We work with public health organizations to communicate public health concerns in our community. This page will provide updates of confirmed cases of communicable disease and instructions for families.
Current Health Alerts
January 17, 2018
This message is to inform families that on Sunday, January 14, 2018, a Linus Pauling student was hospitalized with a confirmed case of meningococcal disease. As of this morning, the student is recovering. Local health officials are investigating this case thoroughly with the support of the Corvallis School District and state health officials.
The Benton County Health Department is working with medical providers, family, and the school district to identify anyone who may have had enough close exposure to need preventive treatment.
Benton County Health Department has asked us to share the following information with Linus Pauling families:
- Customarily individuals who have spent at least four hours cumulatively in close, face-to-face association with a person suffering from meningococcal disease within seven days before the illness started are at highest risk of catching meningococcal disease.
- While this information can be concerning, please remember that meningococcal disease in not highly contagious. At this time, the investigation has found no epidemiological link to the meningococcal disease outbreak at OSU but the investigation is still ongoing.
- Symptoms specific to this disease are sudden onset of a high fever, headache, exhaustion, nausea, rash, stiff neck, vomiting and diarrhea. If your child is experiencing these symptoms, it is important to seek urgent, same day evaluation at your child’s physician’s office or an urgent care medical clinic or emergency room.
- The disease is transmitted through direct contact with droplets from coughing or sneezing; kissing or contact with mucus or saliva from an ill person’s nose or throat; or by sharing of eating and drinking utensils or vaping and smoking devices. In the course of the investigation, health officials will identify individuals who were in close contact with the ill person and, if warranted, give them preventive antibiotic treatment.
- It is important to make sure that your child is up-to-date on all recommended vaccinations, including the recommended age-appropriate meningococcal vaccine, especially during flu season and with the upcoming school exclusion deadline in February.
Frequently Asked Questions at the following link: https://apps.state.or.us/Forms/Served/le0665b.pdf
More information is available on the Oregon Health Authority website at: http://healthoregon.org/mening
If you have additional questions about meningococcal disease please contact the Benton County Communicable Disease Nurse at 541-766-6835.
December 5, 2017
Oregon State University recently shared an urgent message with student families that another undergraduate student attending Oregon State University in Corvallis is being treated for meningococcal disease. This is the fifth OSU student to be treated for meningococcal disease in the past year. While extremely serious, meningococcal disease is not highly contagious and is transmitted through direct contact with droplets from an ill person coughing or sneezing; other discharges from the nose or throat; or by sharing of eating and drinking utensils, smoking devices; or intimate contact.
Health officials encourage everyone to monitor their own health and note the following symptoms specific to this disease: high fever, a rash, headache, stiff neck, exhaustion, nausea or vomiting. If these symptoms develop, seek prompt medical evaluation.
Please be aware that while meningococcal disease is uncommon, it is a serious disease. In 10 to 15 percent of all cases, death may result. In 20 percent of cases, hearing loss, mental impairment and limb loss can result. Those at highest risk include students age 25 and younger who live in residence halls and in private cooperative group living units, or are members of – or visit – fraternal living groups associated with the university.

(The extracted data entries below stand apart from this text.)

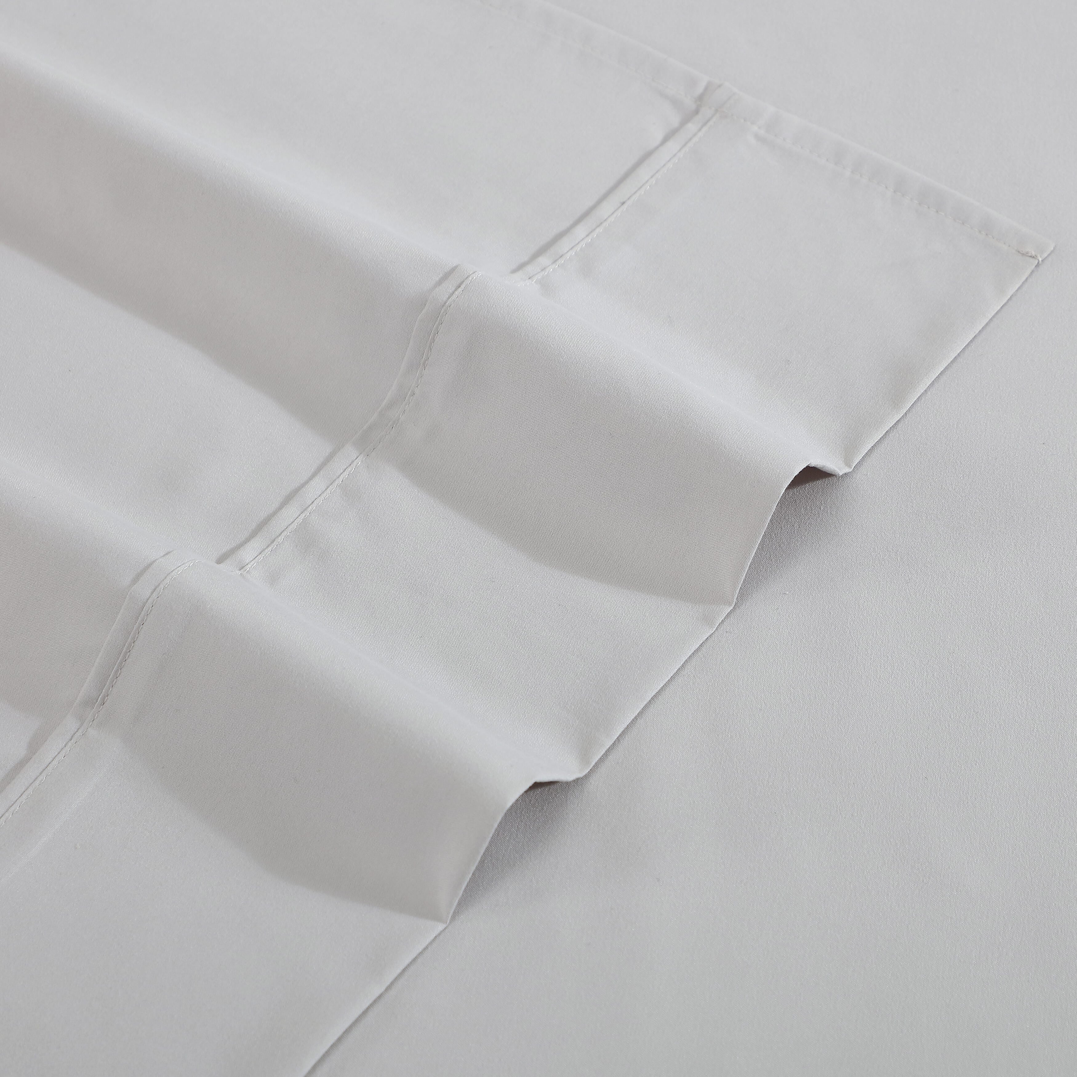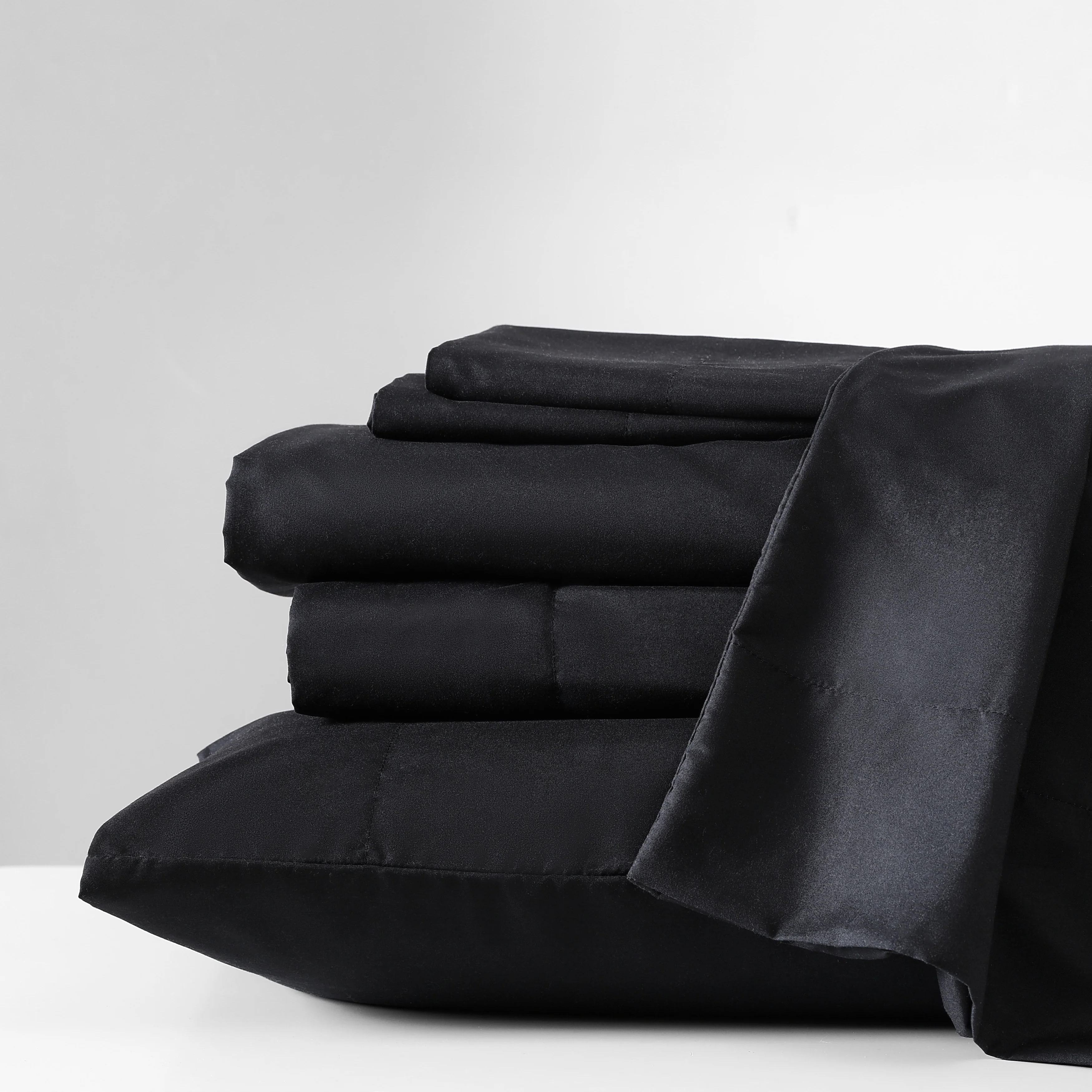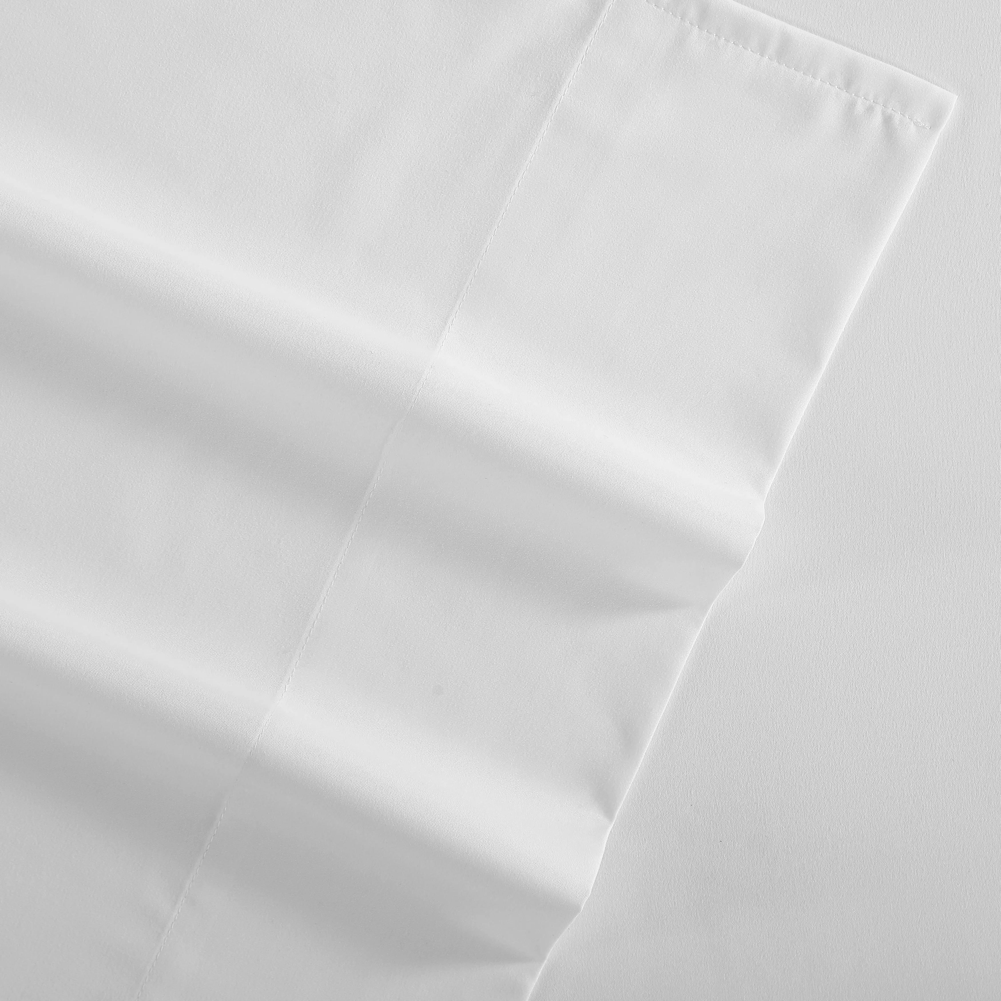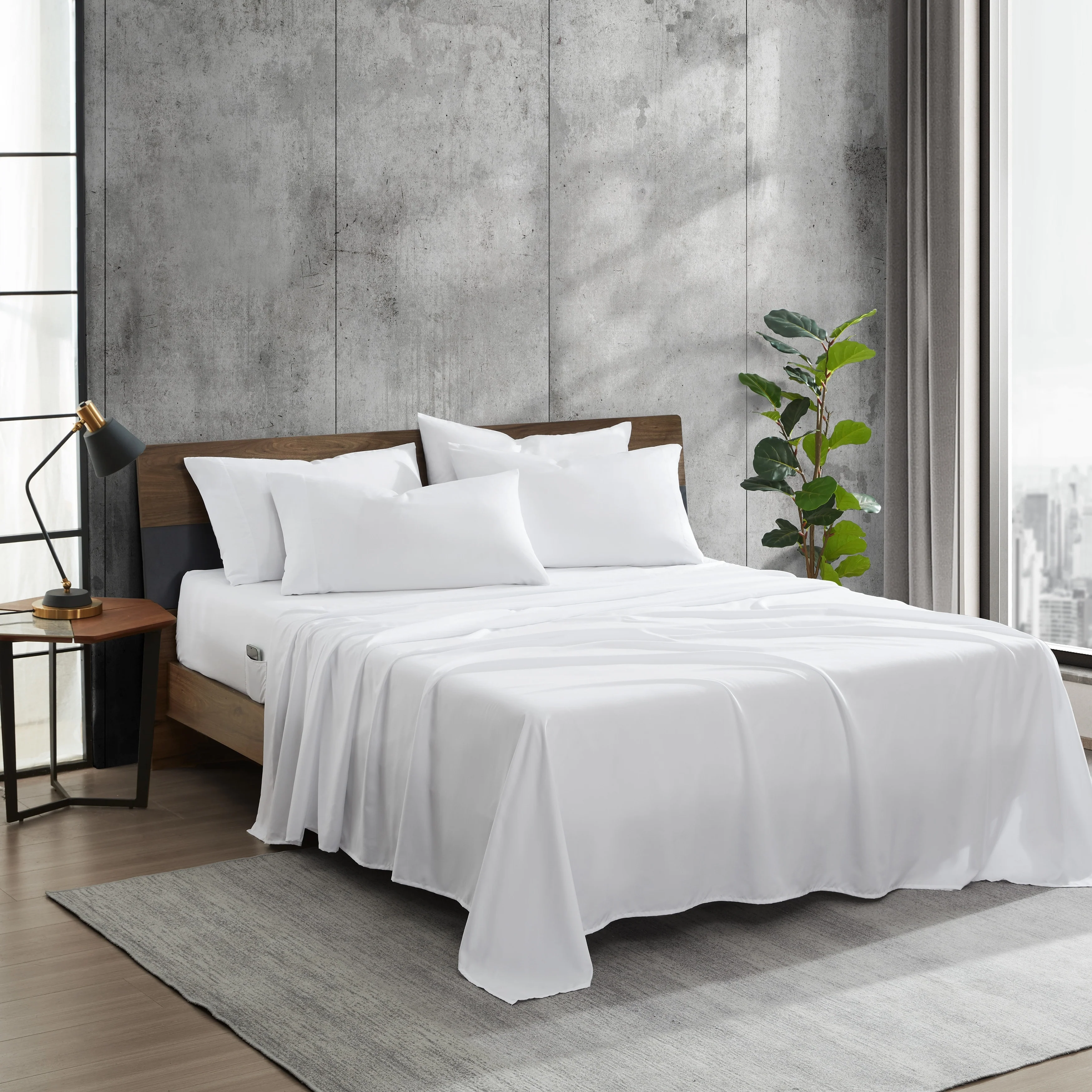 Meet the Solution Sheet from Kenneth Cole - the only sheet you'll ever need. Sustainably made using 100% recycled polyester and Oeko-tex certified, this stylish solid sheet set is the perfect update to any home. The 6-piece sheet set includes one fitted sheet, one flat sheet and four pillowcases (twin size includes two pillowcases). The fitted sheet features all around exposed elastic and is finished with Kenneth Cole's iconic white jacquard logo. This set is benzoyl peroxide resistant, with both a cooling and wrinkle resistant finishes. Fitted sheet features long and short labels for easy on, easy off. Set is machine washable for easy care and available in four solid colors.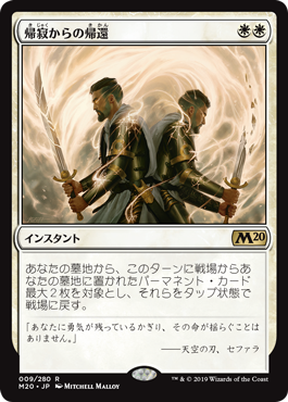 | Rules | Choose up to two target permanent cards in your graveyard that were put there from the battlefield this turn. Return them to the battlefield tapped. |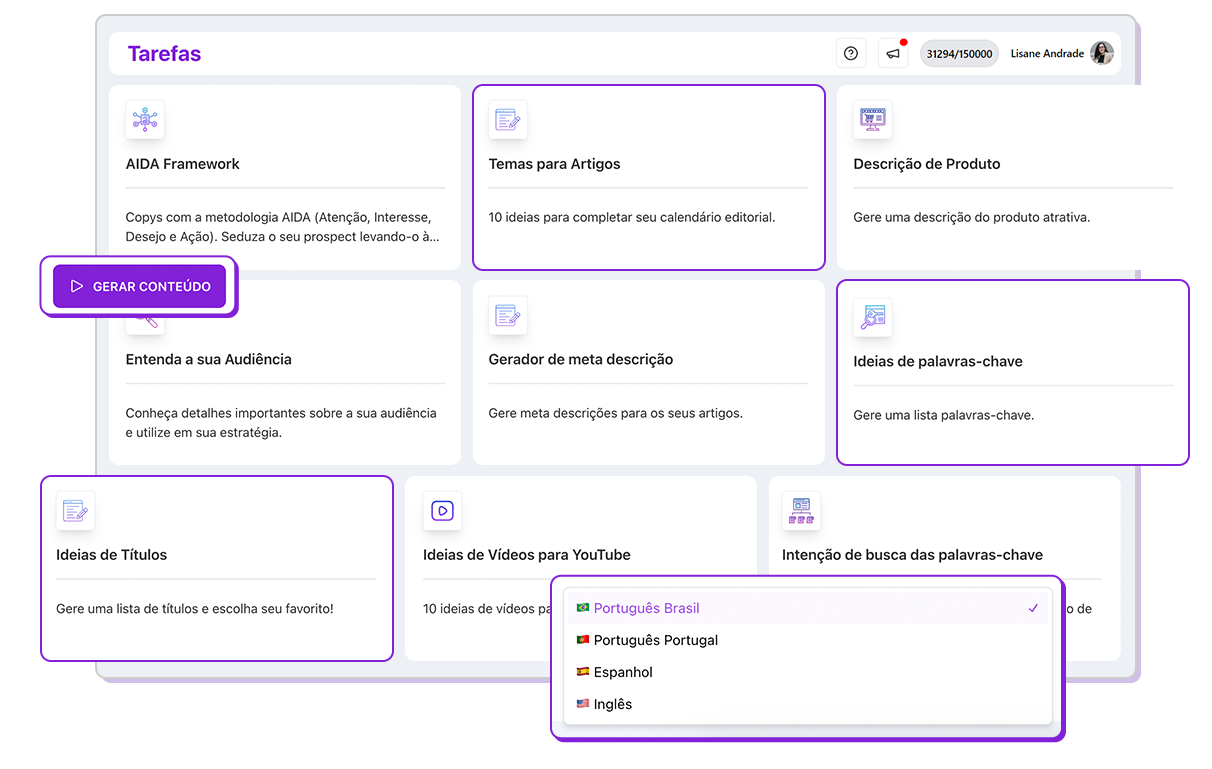 Além de Português do Brasil, você pode gerar conteúdo em Inglês (EUA/UK), Espanhol (LATAM/Espanha) e Português de Portugal – além de ter a possibilidade de mudar o idioma da interface da plataforma, como mostrado abaixo:

Risk is defined as those who had at least four hours cumulatively in close, face-to-face association. Roommates, intimate partners, and those who shared eating or drinking utensils with the ill person within 7 days before the illness started are at risk. Classroom exposure and those who have had only casual social contact are generally not at risk.
Due to the current Meningococcal B outbreak at Oregon State University, Meningococcal B vaccine is now required for new students enrolling at Oregon State University. This is a different vaccine than the Meningococcal ACWY vaccine most teens receive starting at age 11 years.
High school juniors and seniors planning to attend OSU may want to consider starting the Meningococcal B vaccine series now (2 or 3 doses are required depending on the brand used). High school students who are currently attending classes at OSU or attending social gatherings with OSU students should talk to their health care providers about Meningococcal B vaccination.